In fact we’ve reached a point in time, we’re so far removed from the depredations suffered by the Tolpuddle Martyrs and their contemporaries, that a lot of people now are beginning to question the relevance of trade unions to our society.

We’ve got the minimum wage, we’ve got a fixed working week, so to many people the question is: why do we still need unions?

Well, to me the answer’s quite simple. We’ve got all of those things, and more, precisely because we’ve got trade unions. We’ve got maternity pay; we’ve got anti-discrimination laws; we’ve got protection against harassment; we’ve got health and safety laws; we’ve got relatively decent working conditions; we’ve got equal pay, well okay, we haven’t quite, but thanks to women sewing machinists at Ford’s Dagenham plant, who went on strike in 1968 over a re-grading demand, we’ve got the equal pay act, and a means by which we can now challenge gender based pay discrimination. We’ve got a long long list of things that the Tolpuddle Martyrs could only have dreamed about, precisely because men and women like them fought hard to achieve them, and in some cases lost their lives to the cause.

But while we’ve achieved a great deal since the Tolpuddle days, there’s still a lot more to do. And more importantly, now that we have achieved so much, what we have to do is ensure that all of those hard fought for rights are maintained. And if we sit back and let our trade unions disappear, if we let them decline into obscurity because we think we’ve got it all now, those rights, all those things that unions have fought for over the centuries, will disappear too.

Because have no doubt, even now in the 21st century, there are plenty of Squire Framptons ready and eager to sell workers out, to deny us our rights, in the interests of increasing their profits and keeping their shareholders sweet.

Of course it’s not just in the workplace that unions have made an impact. Trade unions have a long history of campaigning for social justice, including health, education, trade, gender discrimination, the environment, and of being part of a wider labour movement that encompasses fighting against inequality and oppression in society at large.

And they’re not just fighting against inequality and oppression in the UK. Trade unions are part of an international workers movement, standing up for and alongside our brothers and sisters, our comrades, across the globe.

But we’ve got some tough times ahead.

Whoever wins next week’s election, we know things are going to get harder for the unions. In fact during 13 years of government the Labour Party did nothing to repeal Thatcher’s anti-trade union laws, and it’s looking likely that an even less union-friendly party will be taking over the reigns of power.

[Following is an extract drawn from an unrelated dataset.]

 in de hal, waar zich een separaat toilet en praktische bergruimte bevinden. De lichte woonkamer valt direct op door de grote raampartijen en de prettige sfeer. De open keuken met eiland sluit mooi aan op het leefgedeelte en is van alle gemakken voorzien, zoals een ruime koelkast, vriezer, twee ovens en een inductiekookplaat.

In an interview in the Spectator last month for instance, Nick Clegg, the new golden boy of politics, said he has come to view Thatcher’s victory over the unions as “immensely significant.” I’m 43 now” he said “I was at university at the height of the Thatcher revolution and I recognise now something I did not at the time: that her victory over a vested interest, the trade unions, was immensely significant.”

All the parties have made clear that once in, they’re going to be looking at swingeing public sector cuts, and there’s already been talk of finding ways to make it more difficult, if not impossible, for public sector workers to strike. It’s already illegal for police or prison officers to strike, and there are some politicians, Vince Cable in particular, who’ve made it clear that they want to see a curb on the ability of workers in other key services to take strike action.

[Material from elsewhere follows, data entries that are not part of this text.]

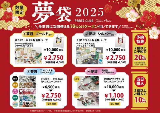 ビーズやアクセサリーパーツなどの企画・製造・販売をする株式会社エンドレス(本社:東京都台東区、代表:代表取締役 蕭(しょう)易風(えきふう))が運営する「PARTS CLUB (パーツクラブ)」 https://www.partsclub.jp/ では、ビーズ&アクセサリーパーツが詰まった「お正月夢袋2025」を新年より販売。全国のPARTS CLUB店舗では、12/1(日)よりご予約の受付をスタートしました。
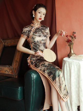 老上海滩旗袍长款蚀骨改良版复古民国风年轻款优雅日常可穿连衣裙
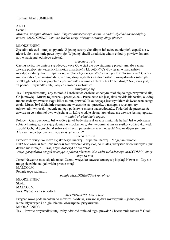 Tomasz Jakut SUMIENIE AKT I Scena I Mroczna, posępna okolica. Noc. Wnętrze opuszczonego domu, w oddali słychać nocne odgłosy miasta. MŁODZIENIEC stoi na środku sceny, ubrany w czarny, długi płaszcz. MŁODZIENIEC Żyć albo nie żyć – oto jest pytanie! Z jednej strony chciałbym już uciec od cierpień, zapaść się w nicość, ale... coś mnie powstrzymuje. W jednej chwili z radością witam chłodny powiew śmierci, aby w następnej od niego uciekać. przechadza się Czemu wciąż nie umiesz się zdecydować? Co wciąż cię powstrzymuje przed tym, aby raz na zawsze pozbyć się wszystkich swoich zmartwień i kłopotów? Czyżby teraz, w najbardziej nieodpowiedniej chwili, zapaliła się w tobie chęć do życia? Chcesz żyć? Ha! To śmieszne! Chcesz mi powiedzieć, że właśnie dziś, w dniu, który wybrałeś na dzień ostatni, uzmysłowiłeś sobie jak wielką głupotę chcesz popełnić i postanowiłeś zawrócić? Teraz? Na końcu drogi? Nie, teraz jest już za późno! Przyszedłeś tutaj, aby coś zrobić i zrobisz to! zatrzymuje się Tak! Przyszedłeś tutaj, aby to zrobić i zrobisz to! Zrobisz, choćbym miał cię do tego przymusić siłą! Co ja mówię... Muszę to jeszcze... przemyśleć... Przecież to nie jest jakaś zwykła błahostka, o której można zadecydować w ciągu kilku minut, prawda? Taka decyzja jest wynikiem doświadczeń całego życia. Muszą być dokładnie rozpatrzone wszystkie za i przeciw, a następnie wyciągnięty odpowiedni wniosek i jedynie na jego podstawie można zadecydować... Twierdzi się przecież, że zawsze są co najmniej dwa wyjścia, a to, które wydaje się najłatwiejsze, nie zawsze jest najlepsze... w oddali słychać bicie zegara Północ... Czas duchów... Już wkrótce ja też będę straszył wraz z nimi... Ha ha ha! Już wyobrażam sobie ich miny, gdy przyjdę do nich w środku nocy, aby wypominać im wszystko, co kiedykolwiek zrobili! Och, jakbym chciał zobaczyć strach i przerażenie w ich oczach! Napawałbym się tym... Ale czy trzeba być duchem, aby straszyć innych? przechadza się Przecież to wszystko może się skończyć inaczej... Zupełnie inaczej... Mogę tam wrócić i... NIE! Nie wrócisz tam! Nie możesz tam wrócić! Wszystko, co miałeś, wszystko w co wierzyłeś, już dawno nie istnieje... Czas, abym dołączył do Wertera! staje, gorączkowo czegoś szukając w połach płaszcza. Nie widzi wchodzącego MALCOLMA, który staje za nim Jasne! Nawet to musi się nie udać! Czemu wszystko zawsze kończy się klęską? Nawet to! Czy nie mogę się zabić, tak jak wielu przede mną? MALCOLM Pewnie tego szukasz... podaje MŁODZIEŃCOWI rewolwer MŁODZIENIEC Skąd... MALCOLM Weź. Wypadł ci na schodach. MŁODZIENIEC bierze broń Przypadkowo podsłuchałem co mówiłeś. Widzisz, zawsze są dwa rozwiązania – jedno piękne, ładne, błyszczące i drugie: biedne, obszarpane, przykurzone... MŁODZIENIEC Tak... Pewnie przyszedłeś tutaj, żeby odwieść mnie od tego, prawda? Chcesz mnie ratować! O tak, 1 nagle znalazł się człowiek, który chce mnie uratować! No, śmiało! Przekonaj mnie... MALCOLM Och, nie... Nie jestem tutaj, aby cię od czegokolwiek odwodzić. Decyzja należy tylko i wyłącznie do ciebie. MŁODZIENIEC przykłada rewolwer do skroni Dobrze, bo ja już zadecydowałem... MALCOLM Chciałbym natomiast dowiedzieć się co skłoniło cię do tego... MŁODZIENIEC Bywaj zdrów! naciska spust, iglica trzaska sucho Co jest? MALCOLM Pewnie się zaciął. Może jednak opowiesz mi czemu w ogóle chcesz to zrobić? MŁODZIENIEC Po co? Posłuchasz, uśmiechniesz się i pogłaszczesz mnie po głowie? Albo walniesz kazanie? Nie, ja już postanowiłem... MALCOLM I nie chcę zmienić twojego postanowienia. Widzisz, ja nie osądzam ludzkich czynów. Ja po prostu zawsze chcę wiedzieć: czemu? Interesują mnie motywy pchające ludzi do zrobienia tego, co robią. MŁODZIENIEC Nie chcesz mnie przekonywać? MALCOLM Nie. Przekonywanie ludzi do postąpienia wbrew ich własnym odczuciom jeszcze nigdy nie poskutkowało i raczej nie poskutkuje. Jeśli chcesz się zabić, zrobisz to – nie będę ci przeszkadzał. Chcę jedynie wiedzieć czemu. MŁODZIENIEC Dziwny z ciebie człowiek... MALCOLM Dziwny? Nie, ja po prostu chcę wszystko wiedzieć! I żeby osiągnąć ten cel, muszę poznać twoją historię. MŁODZIENIEC Dlaczego miałbym ci ją zdradzić? Widzę cię pierwszy raz w życiu, nie znam cię, nic o tobie nie wiem... MALCOLM I właśnie dlatego możesz mi powiedzieć wszystko, co tylko uwiera twą duszę. Możesz powierzyć mi wszystkie swoje sekrety i tajemnice, nie bojąc się, że komukolwiek je wyjawię. Możesz mieć równocześnie pewność, że nigdy więcej się nie spotkamy. MŁODZIENIEC To śmieszne! Obcemu człowiekowi mam powierzyć wszystkie swoje sekrety? MALCOLM Jeśli nie mogłeś powierzyć ich najbliższym, to komu je powierzysz? MŁODZIENIEC Komu... Ha! Właśnie: komu? Nie mam przecież nikogo... Ale czy będziesz słuchał? MALCOLM W słuchaniu jestem najlepszy. MŁODZIENIEC podchodzi do okna Chcesz poznać moją historię, tak? W takim razie słuchaj! 2 SCENA II Pokój jadalny wielkiej willi. Przyjęcie, pełno gości. Suto zastawione stoły, wszędzie LOKAJE usługujący GOŚCIOM. Gwar. MALCOLM i MŁODZIENIEC przechadzają się po sali, niewidziani przez nikogo, podobni duchom. Podchodzą do HRABIEGO i HRABINY. HRABIA Lord Sylvandell jak zawsze nie zawiódł. Każde z jego przyjęć jest niezwykle huczne i pełne wdzięku. HRABINA O tak! Na niego zawsze można liczyć. Jeśli trzeba zorganizować uroczystość, to zawsze myślę o nim. HRABIA Niesamowite jak ten człowiek ma wysublimowany gust. Nie mogę doczekać się programu artystycznego... MALCOLM i MŁODZIENIEC oddalają się od nich MŁODZIENIEC Oto i mój dom rodzinny – wielka i wspaniała willa od wieków należąca do rodu Sylvandellów. MALCOLM Miałeś zaiste królewskie życie... MŁODZIENIEC Królewskie? Sądzi
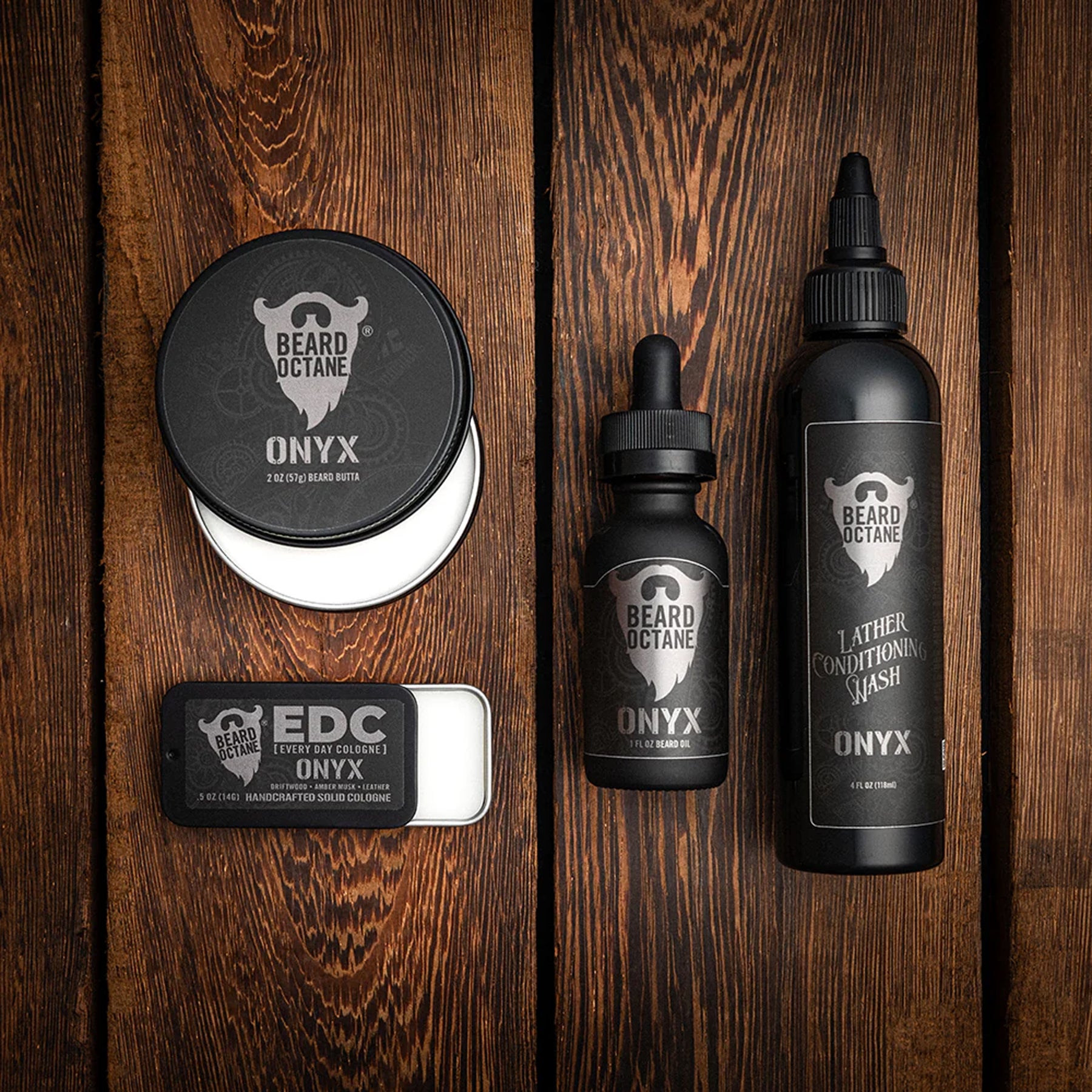 Inhalt der Box: ONYX Bartöl (28 ml), ONYX Lather Conditioning Wash (113 ml), ONYX Beard Butta (56 ml) und ONYX Solid Cologne (14 ml).
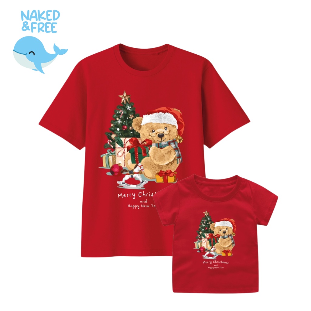 Naked & Free Baju Kaos Natal Bear Christ Bayi Anak Remaja Dewasa Bahan Katun Combed 30s

They want to cut our jobs, cut our pensions, and remove our right to take legitimate industrial action to protest against those cuts.

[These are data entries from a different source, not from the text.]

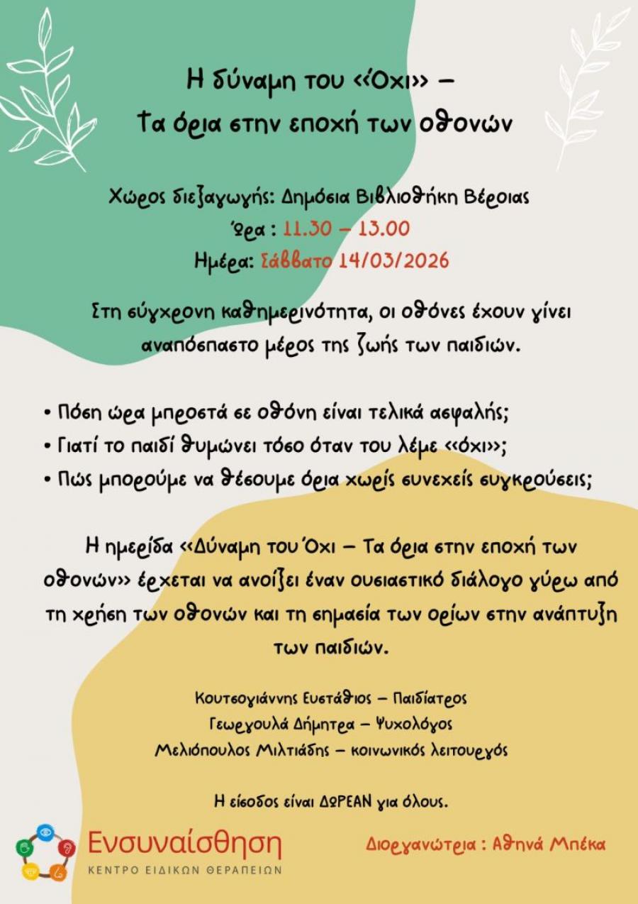 Η ημερίδα «Δύναμη του Όχι – Τα όρια στην εποχή των οθονών» έρχεται να ανοίξει έναν ουσιαστικό διάλογο γύρω από τη χρήση των οθονών και τη σημασία των ορίων στην ανάπτυξη των παιδιών.
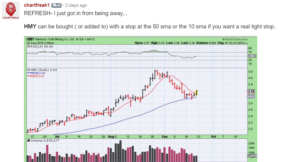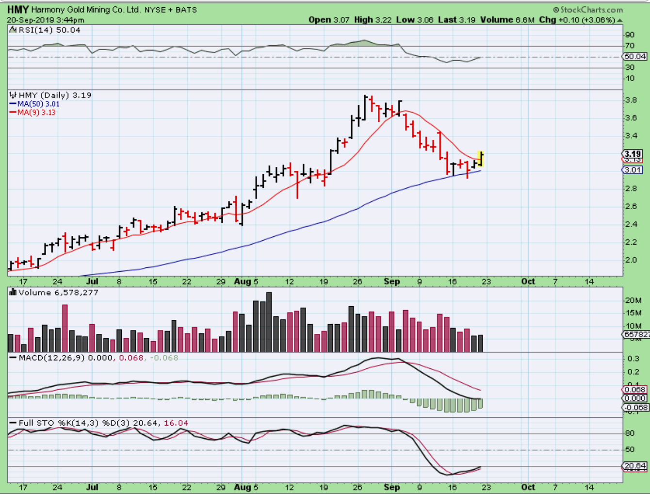 HMY – I have been saying that I bought HMY at the 50sma because it is acting Bullish during the pull back. Like DRD, it reversed at the 50sma. I posted this chart in the live trading area Friday as a break above the 10sma showed follow through & I added.
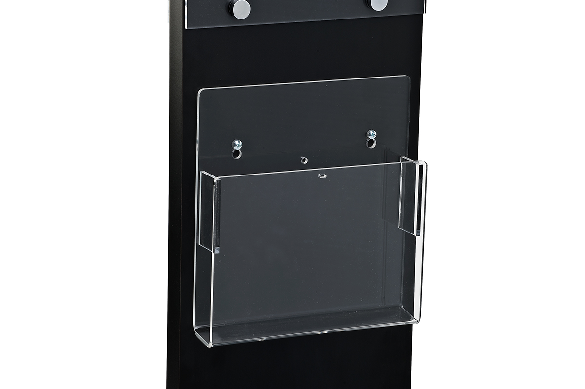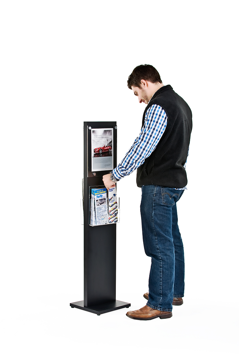 These literature holders are not only ideal for promotions, but also make great wayfinding signs. Point customers in the right direction at a large department store using this plastic pocket frame, acrylic display stand for signage that also displays literature. This plastic holder can similarly be used to designate which features are playing in which room of a movie theater. This brochure holder, acrylic display stand for signage can also be used for advertising events. Let patrons know what the next big production will be at the local theater, or offer sample sizes of the upcoming perfume scent at a cosmetic counter. This black display stand for signage that is for advertising products and services is versatile, with the brochure pocket divider to accommodate various pamphlet sizes. This holder is also easy to assemble! Simple directions are included with a hex key. This acrylic display stand for signage, known as a brochure holder, is a unique and eye-catching promotional tool!

But in some ways, that’s already happening now. You only have to look at the legal challenges there have been in the past few months to union ballots for proposed strike action, and the ease with which the courts capitulated to the bosses and the business interests, to see how difficult it’s now becoming for workers to withdraw their labour when pay and other negotiations break down.

Now I’m not trying to pretend that conditions are anything like they were for the brave workers we’re about to see in the film, or that our new government, whichever party or coalition of parties that turns out to be, is going to be taking us back to those times. Although having said that, I note that Digby Jones has been reported today telling some of the unemployed: “we should cut all your benefits and starve you into going back to work.” But the film should serve as a reminder of the sacrifices that have been made to get us where we are today, and remind us of the debt we owe to those who came before. We owe it to them to stand up for our unions, and we owe it to them to continue the fight for working people’s rights.”